Study Probes How Aspirin Decreases Prostaglandin Levels

CHICAGO--Although aspirin's role in cancer prevention remains
controversial, two recent studies (see "Long -term Aspirin
Use Reduces Colon Cancer Risk, Study Shows" and "Regular
Aspirin Use May Lower Breast Cancer Risk") show a reduced
risk of colorectal and breast cancer with long-term aspirin use.

In neither of these cancers is the exact mechanism(s) of aspirin's
preventive effects known. However, work from the University of
Chicago Medical Center is providing insights into how aspirin
blocks the production of prostaglandin.
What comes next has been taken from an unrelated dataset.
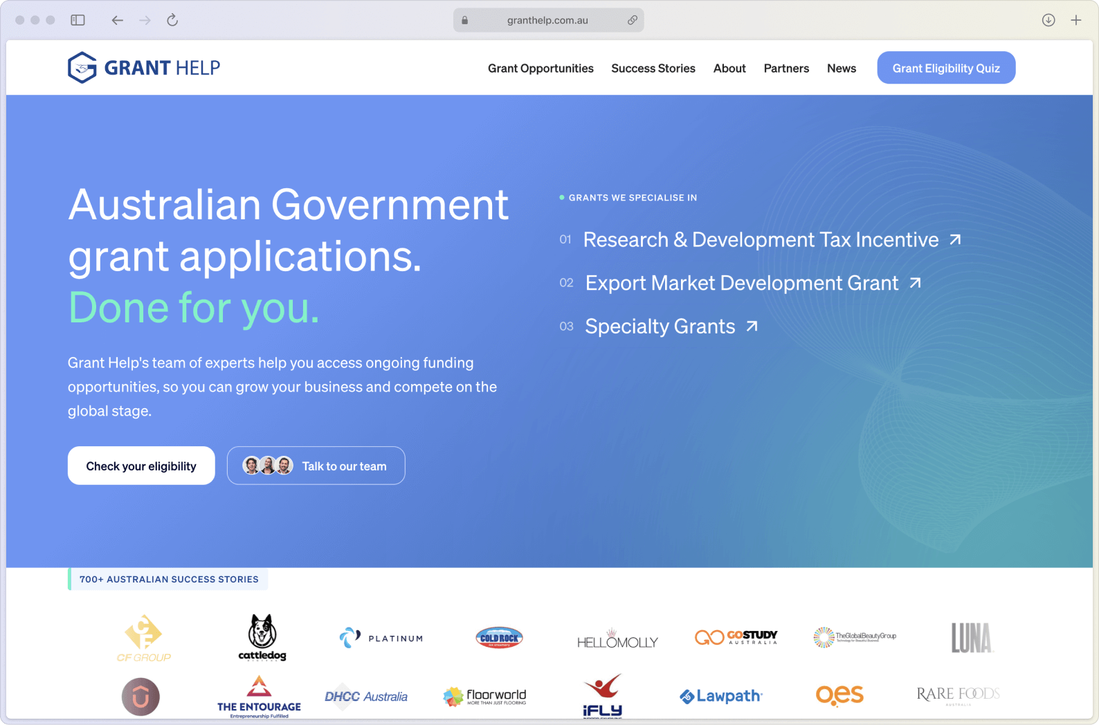 The new Grant Help website was built by Merino Studio and we're super happy with the result. It has helped us to streamline our online marketing efforts. We're getting plenty of qualified new leads through the site now.

This research may allow
development of new forms of aspirin, possibly with fewer side
effects and targeted to specific needs.

A study led by Michael Garavito, PhD, associate professor of biochemistry
and molecular biology, and published in Nature/Structural Biology
(August, 1995), shows that the aspirin molecule splits into two
parts; one part binds to prostaglandin H2 synthase (PGHS-1).

As shown in the illustration on page 1, the salicylic acid portion
of aspirin partially blocks, but does not covalently bond to,
the tunnel through which prostaglandin precursors pass to reach
the PGHS-1 core for conversion into prostaglandin. The acetyl
group covalently bonds to a serine residue of the protein inside
the tunnel, where it blocks precursors from reaching the enzyme
core.

Four years ago, Dr. Garavito noted, several investigators reported
that there are two types of PGHS. PGHS-1 is constantly present
in nearly all cells, while PGHS-2 is made only as needed and just
by those cells involved in inflammation and immune responses.
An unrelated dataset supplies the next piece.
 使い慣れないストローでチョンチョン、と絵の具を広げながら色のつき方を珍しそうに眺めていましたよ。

None of the currently available NSAIDs discriminates between the
two enzyme forms, he said. Instead, current drugs block PGHS-1
in the stomach, leading to GI side effects. PGHS-2 is only partly
blocked by aspirin, while PGHS-1 is completely knocked out, he
said.

"Just 4 years ago the consensus in the pharmaceutical community
was that you couldn't build a better aspirin," Dr. Garavito
commented. "But understanding the differences between the
two forms of PGHS may allow us to do exactly that."